Over the past decade, the identification of aquaporin-4 immunoglobulin G (AQP4-IgG) and myelin oligodendrocyte glycoprotein immunoglobulin G (MOG-IgG) antibodies has significantly refined the classification of inflammatory myelopathies, allowing many cases previously labelled as idiopathic to be reclassified under defined neuroimmunological entities [2,3]. However, antibody-negative inflammatory myelitis remains within the broader spectrum of immune-mediated myelopathies and continues to pose diagnostic challenges [2,4]. Despite advances in serological testing, approximately 20-30% of patients with inflammatory myelitis remain seronegative for both AQP4-IgG and MOG-IgG and do not fulfil diagnostic criteria for MS or other established demyelinating disorders [5]. These cases occupy a diagnostic grey zone and present challenges in classification, prognostication, and long-term management [2].

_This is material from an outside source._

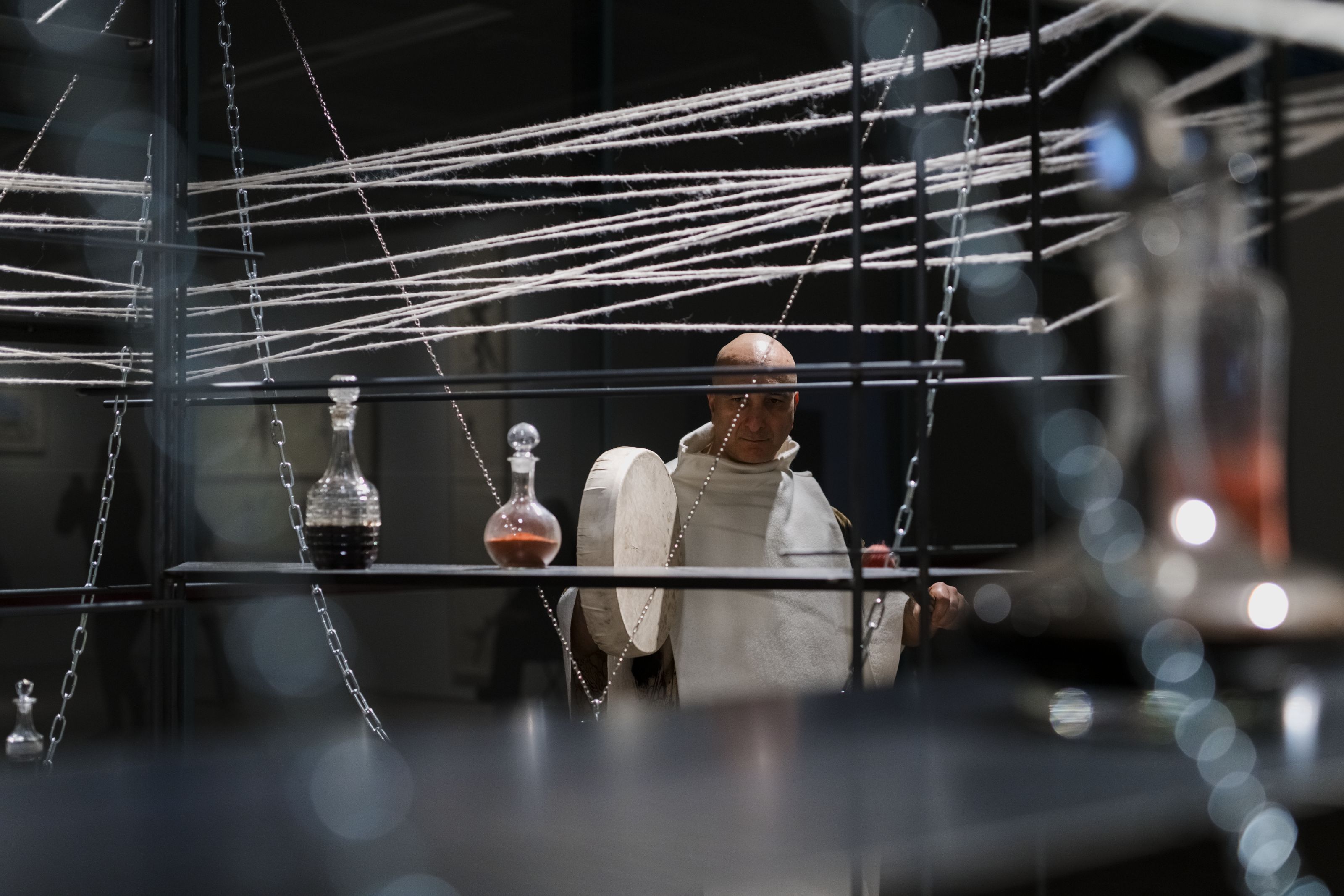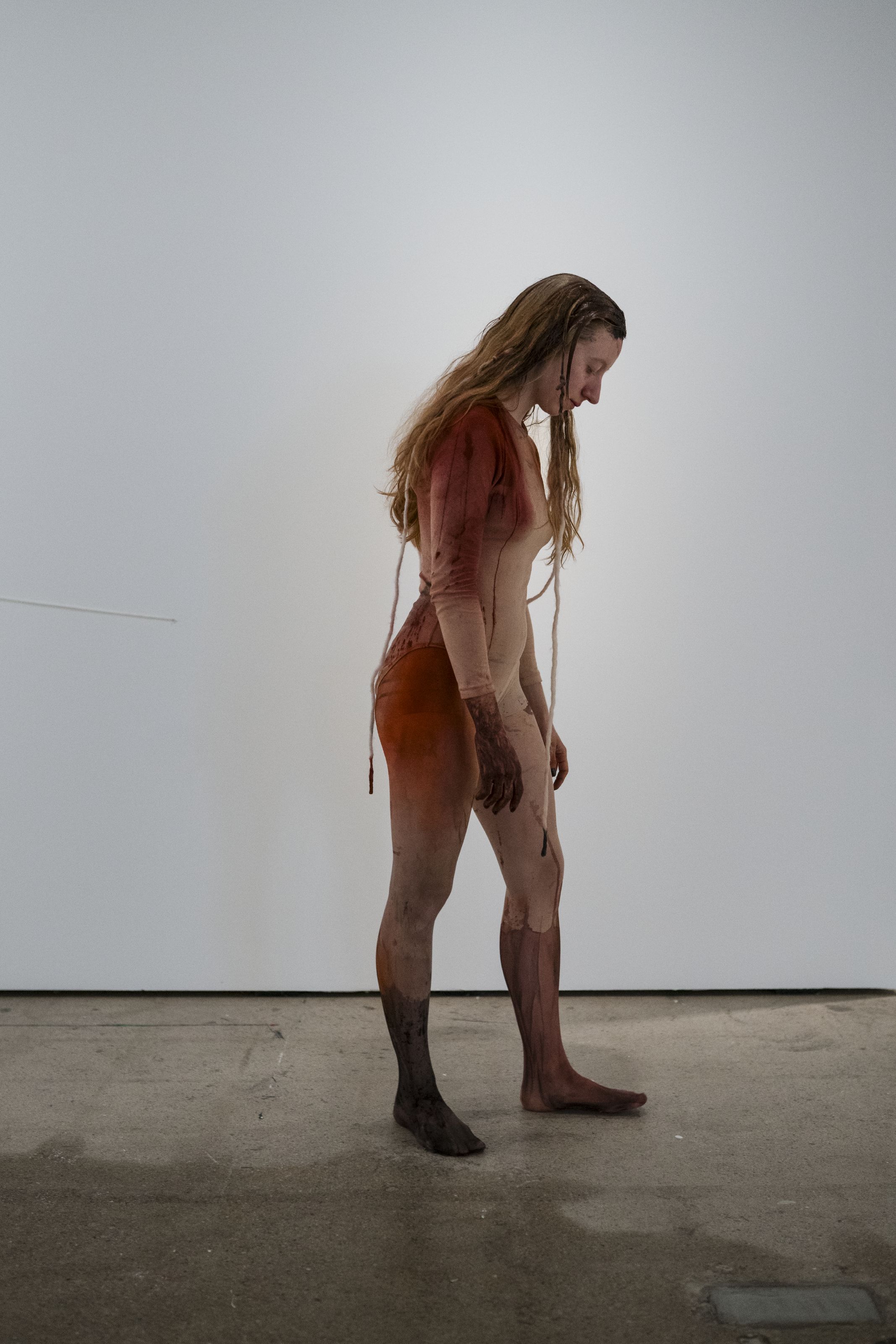 Drawing on the same materials that constitute Conscious Matter, the performer enters the exhibition space physically bound to the Installation; textiles, structural elements, and strands of white wool connected to the performer’s hair. These bindings echo the installation’s exploration of iron in multiple forms (iron ore, iron powder, bodily iron (blood)), foregrounding the elemental continuity between human bodies and the material world.

Seronegative immune-mediated TM is therefore a diagnosis of exclusion that relies on careful clinical phenotyping, detailed radiological assessment, extensive exclusion of infectious, systemic, neoplastic, and metabolic causes, and close longitudinal observation [2,3]. The clinical course may be monophasic or relapsing, and there are currently no validated biomarkers to reliably predict disease behaviour or relapse risk in this subgroup [6,7].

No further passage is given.